• [Assigned task]
From the entries below, please output exactly the lines starting at the one containing "This type of" and ending at the one containing "1. Отметить пользователя, как", both included.

• [Provided material]
================================

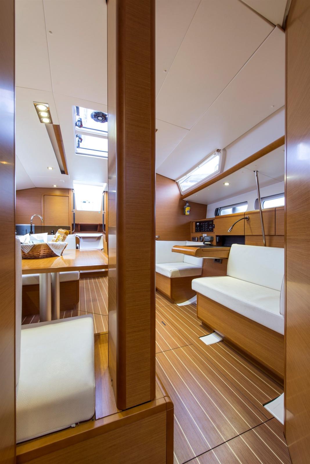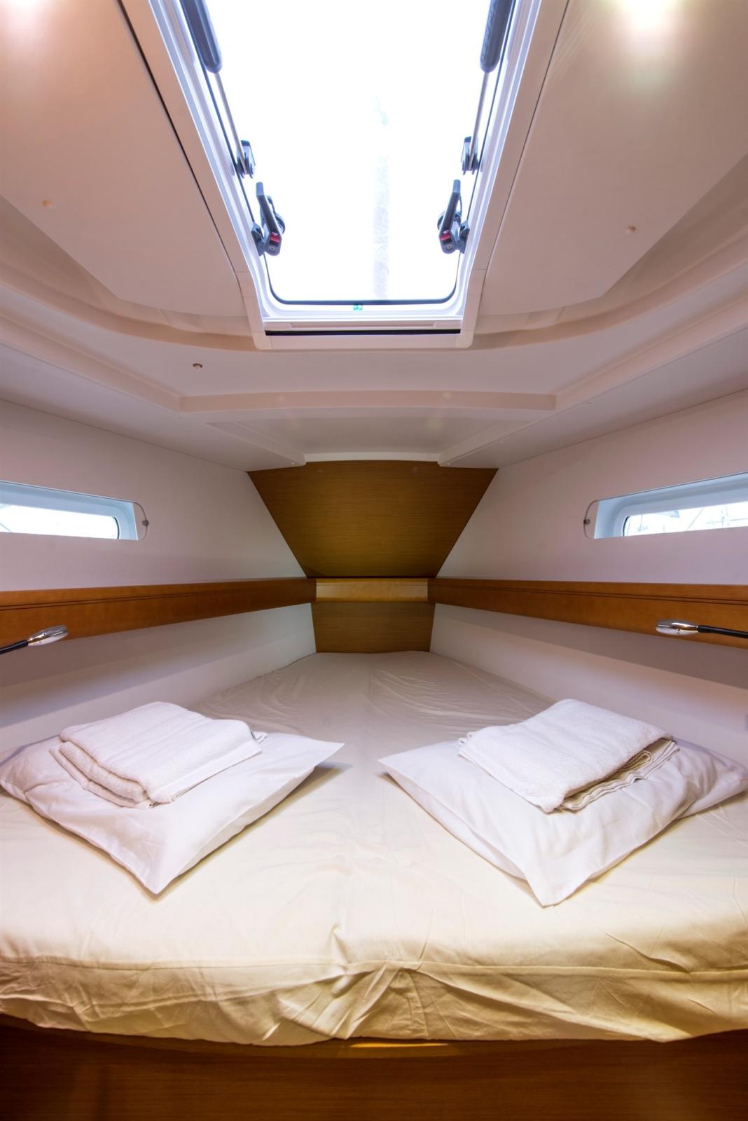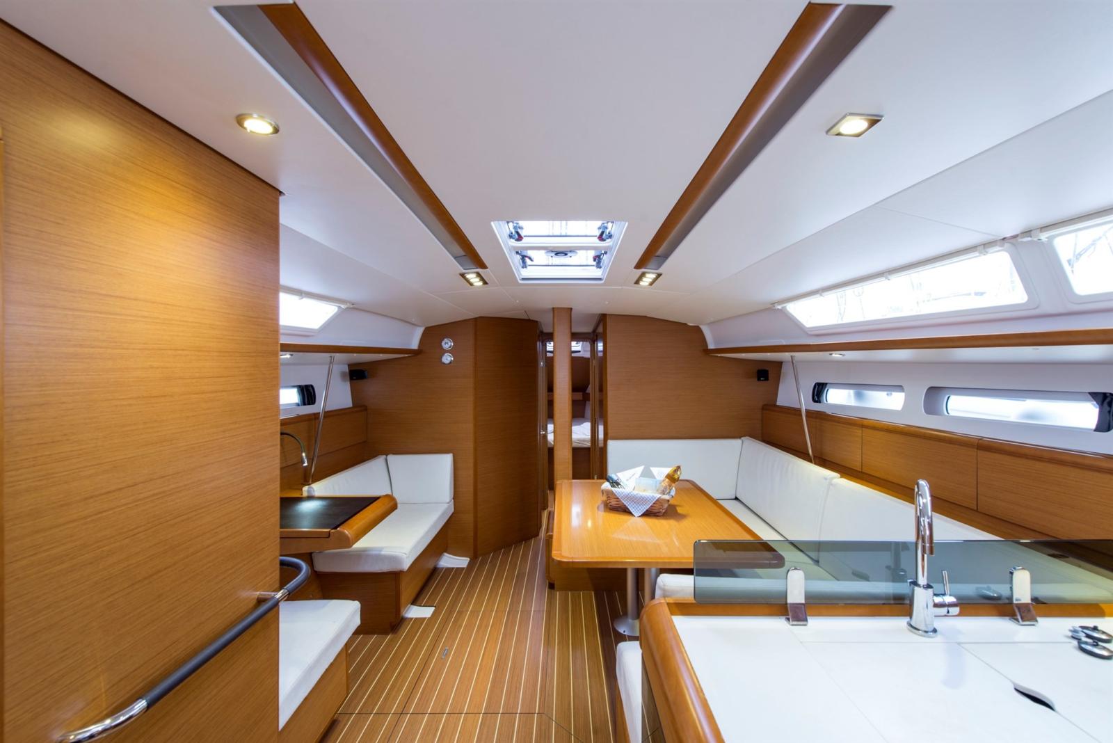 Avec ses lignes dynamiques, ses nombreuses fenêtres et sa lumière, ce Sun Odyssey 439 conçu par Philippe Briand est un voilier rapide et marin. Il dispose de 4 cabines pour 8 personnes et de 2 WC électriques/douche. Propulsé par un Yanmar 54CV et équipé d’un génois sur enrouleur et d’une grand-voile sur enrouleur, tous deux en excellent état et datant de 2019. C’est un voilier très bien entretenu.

================================

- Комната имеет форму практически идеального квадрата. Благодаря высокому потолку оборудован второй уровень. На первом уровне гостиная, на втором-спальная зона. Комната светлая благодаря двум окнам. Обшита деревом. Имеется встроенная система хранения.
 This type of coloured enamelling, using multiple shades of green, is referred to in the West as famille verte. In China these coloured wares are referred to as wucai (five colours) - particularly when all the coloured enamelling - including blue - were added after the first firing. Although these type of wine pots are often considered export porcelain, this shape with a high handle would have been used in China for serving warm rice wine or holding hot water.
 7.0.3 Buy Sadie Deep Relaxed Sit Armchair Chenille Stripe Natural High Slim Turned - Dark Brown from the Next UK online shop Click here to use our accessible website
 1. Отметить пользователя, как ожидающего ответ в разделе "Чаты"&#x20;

================================

• [Solution to this exercise]
 This type of coloured enamelling, using multiple shades of green, is referred to in the West as famille verte. In China these coloured wares are referred to as wucai (five colours) - particularly when all the coloured enamelling - including blue - were added after the first firing. Although these type of wine pots are often considered export porcelain, this shape with a high handle would have been used in China for serving warm rice wine or holding hot water.
 7.0.3 Buy Sadie Deep Relaxed Sit Armchair Chenille Stripe Natural High Slim Turned - Dark Brown from the Next UK online shop Click here to use our accessible website
 1. Отметить пользователя, как ожидающего ответ в разделе "Чаты"&#x20;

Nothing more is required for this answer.